October 1993 Liechtenstein general election
- All 25 seats in the Landtag 13 seats needed for a majority
- Turnout: 85.31% (▼2.23pp)
- This lists parties that won seats. See the complete results below.
| Party |  | Leader | Vote % | Seats | +/– |
|  | VU | Mario Frick | 50.12 | 13 | +2 |
|  | FBP | Josef Biedermann | 41.34 | 11 | −1 |
|  | FL | Executive committee | 8.54 | 1 | −1 |
- Results by constituency
| Prime Minister before | Prime Minister after |
| Markus Büchel FBP | Mario Frick VU |

= October 1993 Liechtenstein general election =

General elections were held in Liechtenstein on 24 October 1993 to elect the 25 members of the Landtag. Early elections were called following prime minister Markus Büchel being subject to a successful motion of no confidence at the request of his own party, the Progressive Citizens' Party (FBP). The Patriotic Union (VU) won a majority of thirteen seats, with the FBP winning eleven. The Free List (FL) won one seat. Voter turnout was 85.3%.

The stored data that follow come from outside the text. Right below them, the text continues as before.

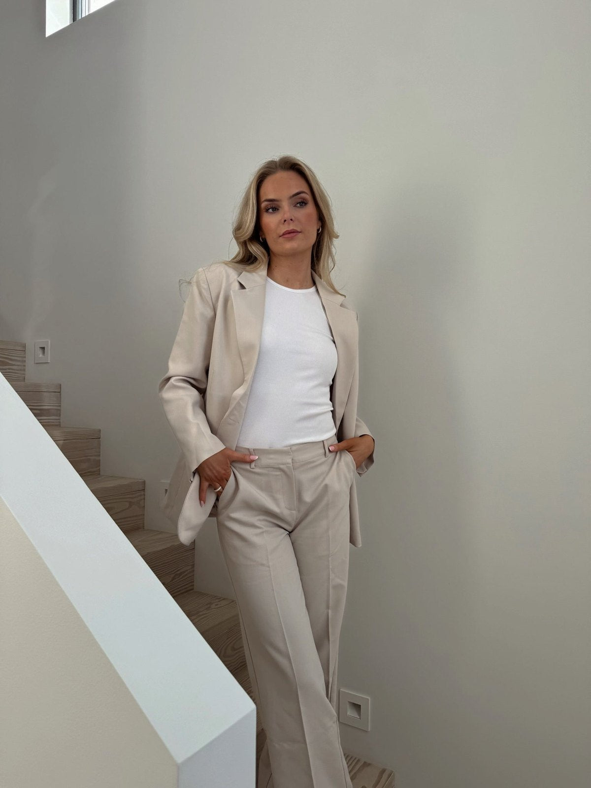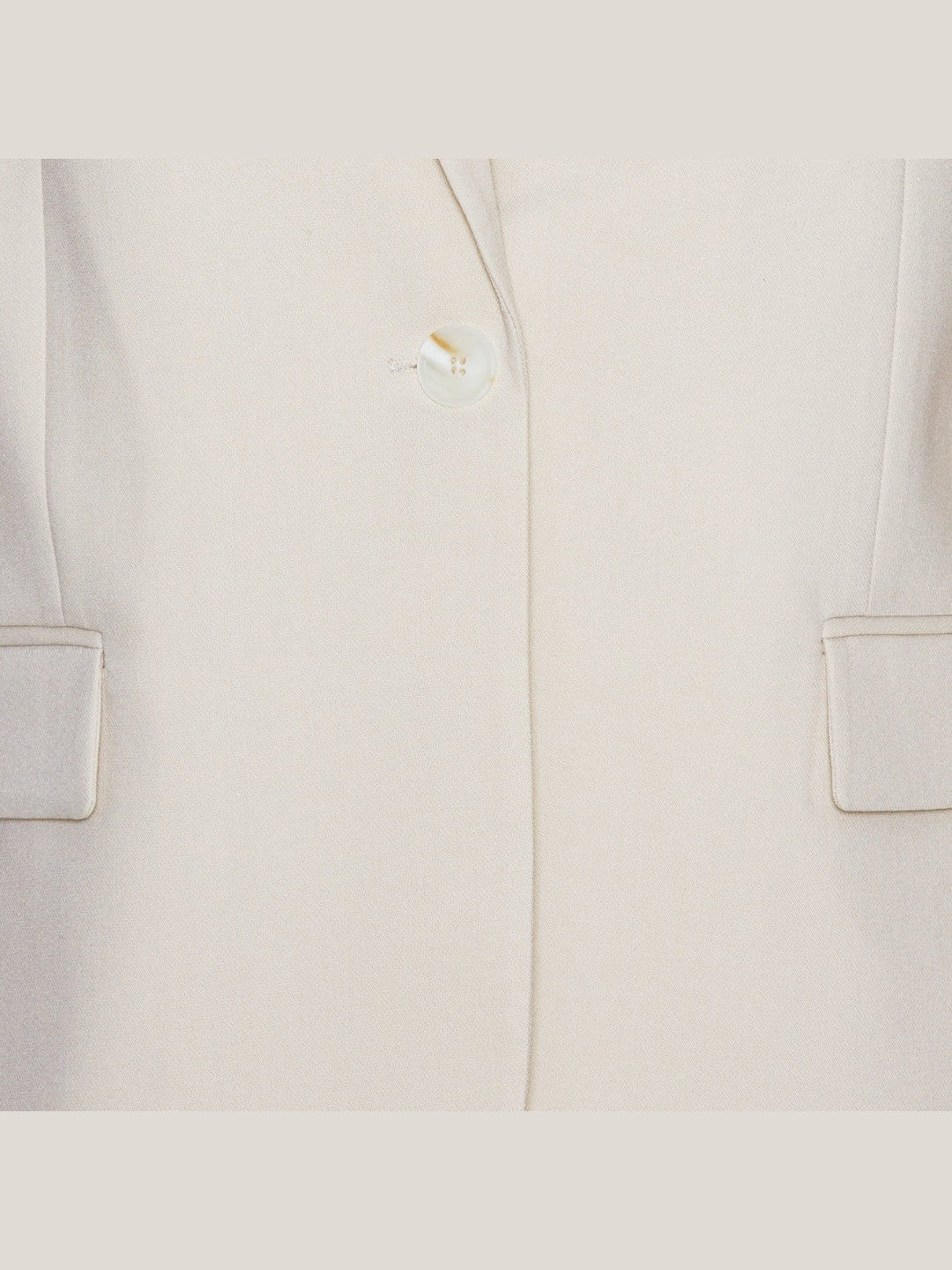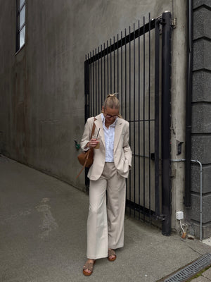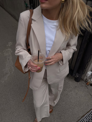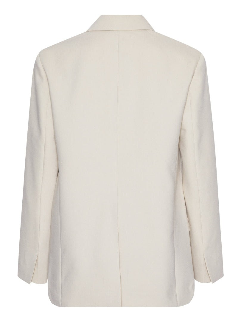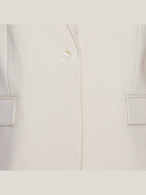 Utstrål sofistikasjon med denne elegante blazer i Ivory, designet for å løfte ethvert antrekk. Den enkeltradede blazeren har en skreddersydd, men oversized passform og klassiske slag. Den nøytrale hvite fargen gjør den til et allsidig plagg, perfekt for formelle anledninger, kontorantrekk eller som et lag over mer avslappede kombinasjoner. Diskrete klafflommer foran og en stilren søm på ryggen forsterker det tidløse uttrykket.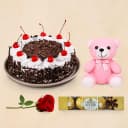Immerse your dear ones in the ocean of flavors by sending them this Exotic 4 pcs Ferrero Rocher with Black Forest, Teddy N Red Rose and spice up their lives. (Cake Weight 1 Kg)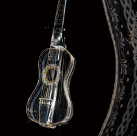 2011.3.11からの復興のシンボルとして製作した「ガラスのギター」。総制作費約1,000万円、10名の熟練した職人が作り上げた、世界初のガラスで出来た演奏用クラシックギターとなります。ガラスのギター(最大幅部)、厚さは2.5 ~ 3.0mm、全重量約3.7kgとなっており、近年のクラシックギターより、少し小さめのサイズで、19世紀のヨーロッパの原型をもとにしています。装飾には、手書きのペイントを施し、繊細でありながら、ガラスの美しさを引き出したデザインとなっています。世界初演奏用クラシックギター 2011年9月からガラスの成形に入り、アクリルのネック部分や音の調整をしながら、今年の10月に完成するまで、約1年間を要し、ついに完成にいたしました。本ギターの音色の監修には、人気ギタリストの村治佳織さんにも監修頂き、木のギターとは一味違う、新しい音色が楽しめるギターに仕上がりました。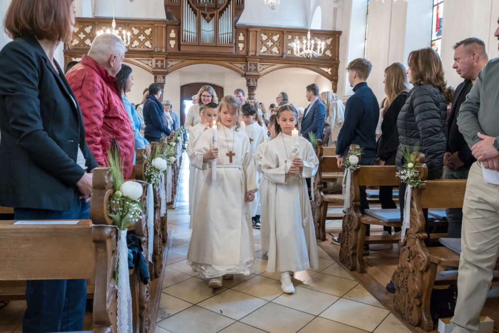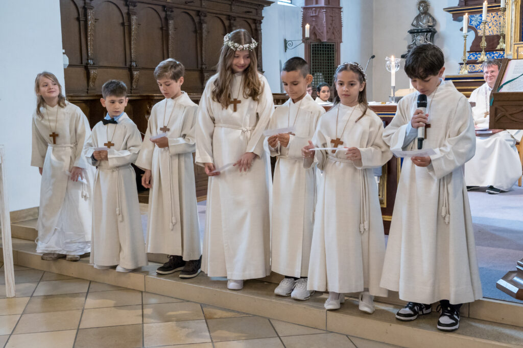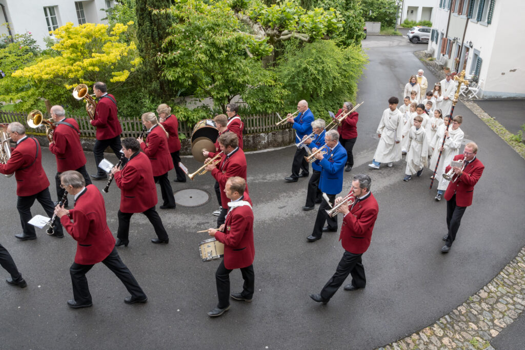 Am Sonntag, 25. Mai war der grosse Tag. Mit den Klängen der Spielvereinigung Kaiserstuhl-Hohentengen zogen die sieben Erstkommunionkinder, begleitet von Ministranten, Katechetin Susanne Meyer, Pfarreiseelsorger Stefan Günter und Pfarrer Bernhard Ollmer zur Stadtkirche St. Katharina, wo sie von einer grossen Festgemeinde empfangen wurden.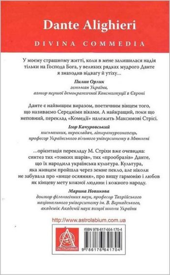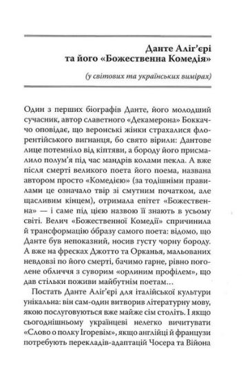 Водночас ця книга має стати для сучасного читача справжнім путівником у світ великого Данте. Вона містить докладну передмову, присвячену життю й творчості італійського поета, а також — впливу «Божественної Комедії» на розвиток української літератури. А додана до перекладу антологія пов’язаних із постаттю Данте українських віршів, написаних упродовж останніх понад півтораста років, наочно демонструє, що Україна булла і є частиною культурної Європи.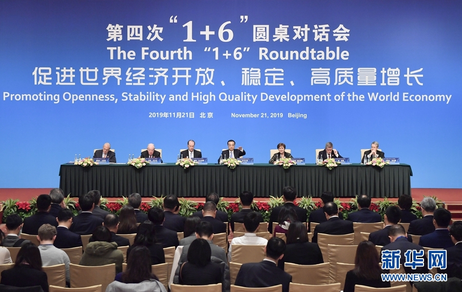 新華社北京11月21日電 國務院總理李克強21日在釣魚臺國賓館同世界銀行行長馬爾帕斯、國際貨幣基金組織總裁格奧爾基耶娃、世界貿易組織副總干事沃爾夫、國際勞工組織總干事賴德、經濟合作與發展組織秘書長古里亞和金融穩定理事會主席夸爾斯舉行第四次“1+6”圓桌對話會后共同會見了記者。
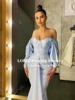 LORIE Dubai Vestidos de Noche de satén sin tirantes, plisados, mangas abullonadas, sirena árabe, vestido de fiesta de boda, Abiti Da Cerimonia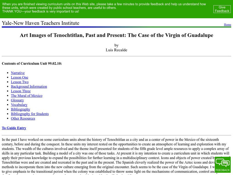 This site is a curriculum unit on art from Tenochtitlan, specifically the case of the Virgin of Guadalupe. Provides three lesson plans, a glossary, bibliography, and other resources.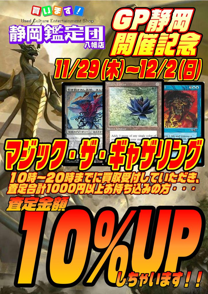 それに合わせまして近隣店であるわが静岡鑑定団では期間中の11/29(木)~12/2(日)にて買取アップキャンペーンを開催します!!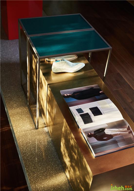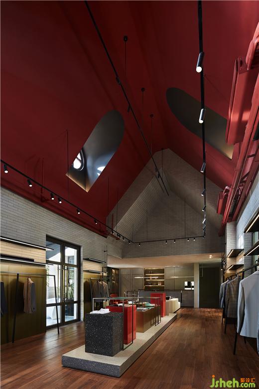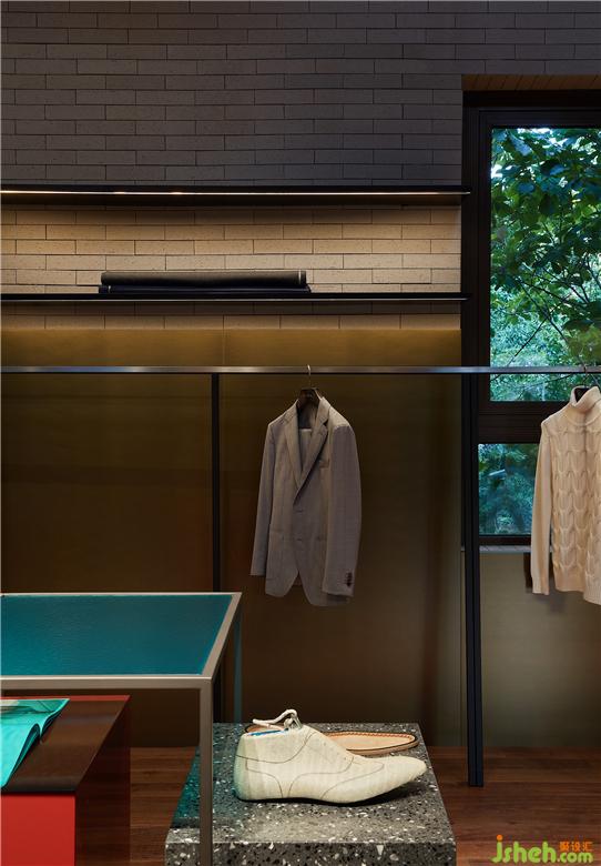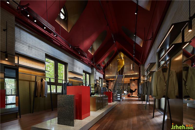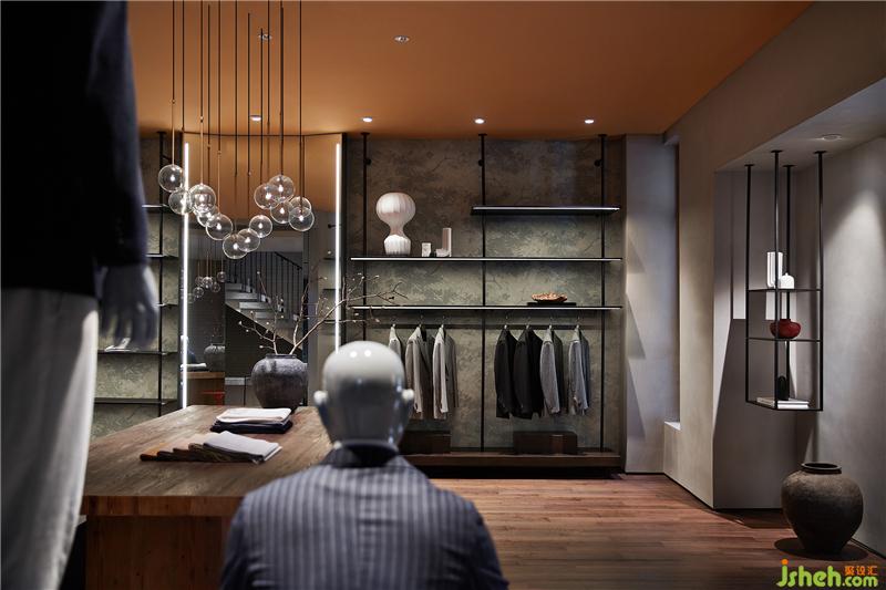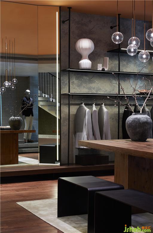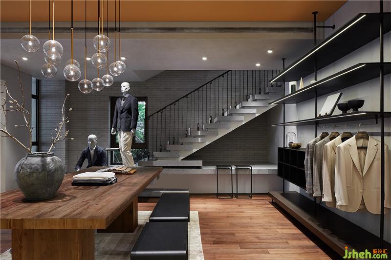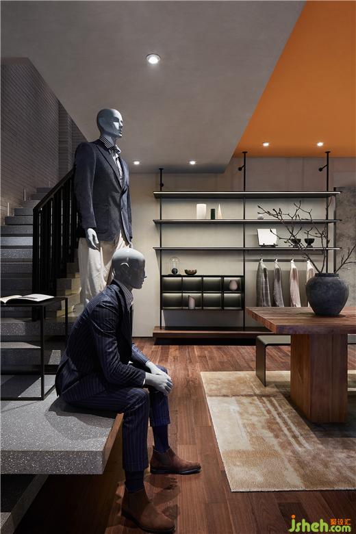 在樓梯處將園林景觀手法借鑒遷入,試圖刻畫出山巒層疊之狀。服裝店設計既滿足上下層連接,又拿捏處理層級關系并使之與產品展示相結合,在這一隅構造焦點模特區(qū)域。

Josef Biedermann was the FBP's nomination for prime minister, while the VU nominated deputy prime minister Mario Frick for the position. Following the election, the VU and FBP were asked to form a coalition government, under the leadership of Frick. The new government was sworn in on 15 December 1993.

== Background ==

In the February 1993 elections, the Progressive Citizens' Party (FBP) won a plurality of twelve seats, whereas the Patriotic Union (VU) won eleven, and the Free List won one. As a result, the FBP and VU formed a coalition government, under the leadership of Markus Büchel.

By August 1993, Büchel came under significant controversy due to a controversial appointment to the head of the Liechtenstein tax administration. On 31 August, the FBP withdrew confidence in Büchel and publicly called for his resignation as prime minister; the party cited his poor performance in office, untruthfulness, and refusal to work with government colleagues as reasons for the loss in confidence. On 14 September, a FBP-initiated motion of no confidence in the Landtag against Büchel succeeded 17–8, thus the body requested his dismissal; Hans-Adam II, Prince of Liechtenstein coincided the dismissal of the government with dissolving the Landtag, and as such calling for new elections.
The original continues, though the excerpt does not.